The Nanny | |
---|---|
Theatrical release poster
|
|
Directed by | Seth Holt |
Produced by | Jimmy Sangster |
Written by | Jimmy Sangster |
Starring |
Bette Davis William Dix Wendy Craig Jill Bennett |
Music by | Richard Rodney Bennett |
Cinematography | Harry Waxman |
Edited by | Tom Simpson |
Production
company |
|
Distributed by |
Warner-Pathé Distributors (UK) 20th Century Fox (USA) |
Release date
|
7 November 1965 (UK) 27 October 1965 (U.S.) |
Running time
|
91 min. |
Country | United Kingdom |
Language | English |
Budget | $1,300,000 (estimated) |
Box office | $2 million (US/ Canada) |
The Nanny is a 1965 British suspense film directed by Seth Holt and starring Bette Davis, Wendy Craig and Jill Bennett. Davis appears as a supposedly devoted nanny caring for a ten-year-old boy recently discharged from a home for disturbed children. It is based on the novel of the same name by Evelyn Piper (a pseudonym for Merriam Modell), and the film was scored by Richard Rodney Bennett. The film was made by Hammer Film Productions at Elstree Studios.

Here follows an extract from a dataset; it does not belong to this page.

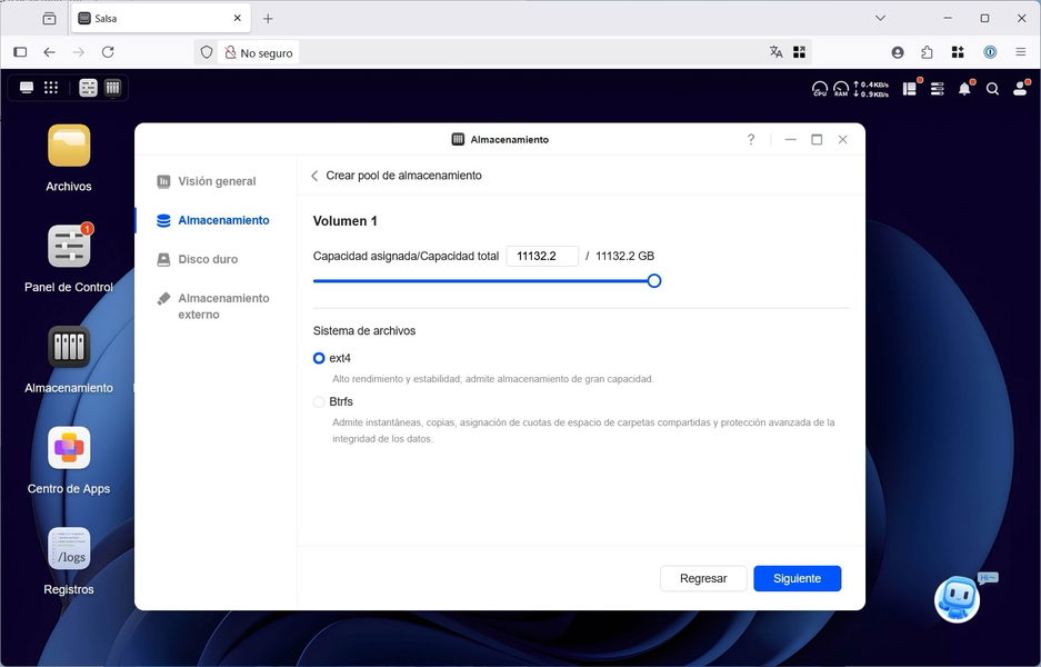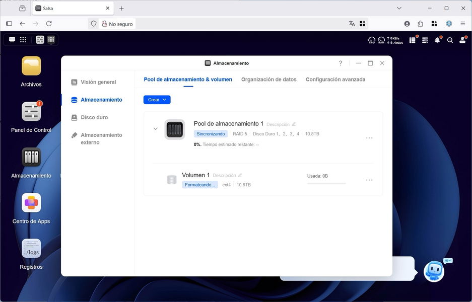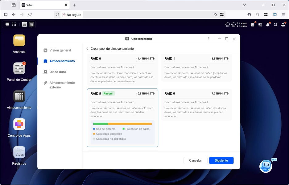 - Accederás al configurador de almacenamiento para configurar el formato de los discos duros. Tendrás que elegir entre RAID 0 (sin protección), RAID 1, RAID 5 (requiere al menos 3 discos duros y es la opción más recomendada para evitar la pérdida de datos ) o RAID 6 (requiere al menos 4 discos duros).

Ten-year-old Joey Fane returns home from the special school he has attended since the death of his toddler sister. At home he creates a terrible fuss, moving from the bedroom Nanny has prepared for him to one with a strong lock and access to the fire escape, refusing to eat anything Nanny cooks and adamant that Nanny shall not come near him. He also accuses Nanny of trying to kill him.
Nanny runs the Fane household, but in practice infantilizes the women of the Fane family. Everyone assumes Joey is deeply disturbed and dangerous, but it emerges he is quite right to be afraid of Nanny.
The Nanny has been well received by critics. It currently holds a 91% approval rating on movie review aggregator website Rotten Tomatoes based on eleven reviews.
AllMovie called it "one of Hammer Films' better non-supernatural outings of the 1960s".
The movie screening rights were sold to American television for nearly $400,000.